Group strings that are anagrams of each other. Snowflake asks this to test composite-key grouping — the same hashing pattern used in GROUP BY execution where you bucket rows by a normalized key.

By Alex Chen, Founder, InterviewChamp.AI · Last verified

Source citations

Public interview reports confirming this problem appears in Snowflake loops.

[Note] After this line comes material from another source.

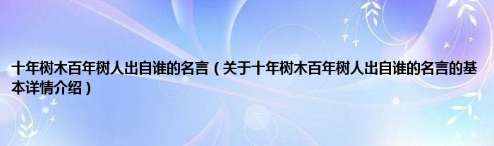 本文关于十年树木百年树人出自谁的名言的基本详情介绍就讲解完毕,希望对大家有所帮助。

  • Glassdoor (2026-Q1)Snowflake execution-engine uses this as GROUP BY warm-up.
  • LeetCode Discuss (2025-12)Recurring at Snowflake new-grad onsites.

Problem

Given an array of strings strs, group the anagrams together. You can return the answer in any order. An Anagram is a word or phrase formed by rearranging the letters of a different word or phrase, typically using all the original letters exactly once.

Constraints

  • 1 <= strs.length <= 10^4
  • 0 <= strs[i].length <= 100
  • strs[i] consists of lowercase English letters.

Examples

Example 1

Input
strs = ["eat","tea","tan","ate","nat","bat"]
Output
[["bat"],["nat","tan"],["ate","eat","tea"]]

Example 2

Input
strs = [""]
Output
[[""]]

Example 3

Input
strs = ["a"]
Output
[["a"]]

Approaches

1. Pairwise anagram check

For each string, scan existing groups; if any member is an anagram, append; else start new group.

Time
O(n^2 * k)
Space
O(n * k)
function groupAnagrams(strs) {
  const groups = [];
  for (const s of strs) {
    let placed = false;
    for (const g of groups) {
      if (isAnagram(s, g[0])) { g.push(s); placed = true; break; }
    }
    if (!placed) groups.push([s]);
  }
  return groups;
  function isAnagram(a, b) {
    if (a.length !== b.length) return false;
    const cnt = new Array(26).fill(0);
    for (const c of a) cnt[c.charCodeAt(0) - 97]++;
    for (const c of b) cnt[c.charCodeAt(0) - 97]--;
    return cnt.every(x => x === 0);
  }
}

Tradeoff: Quadratic in number of strings. Don't ship.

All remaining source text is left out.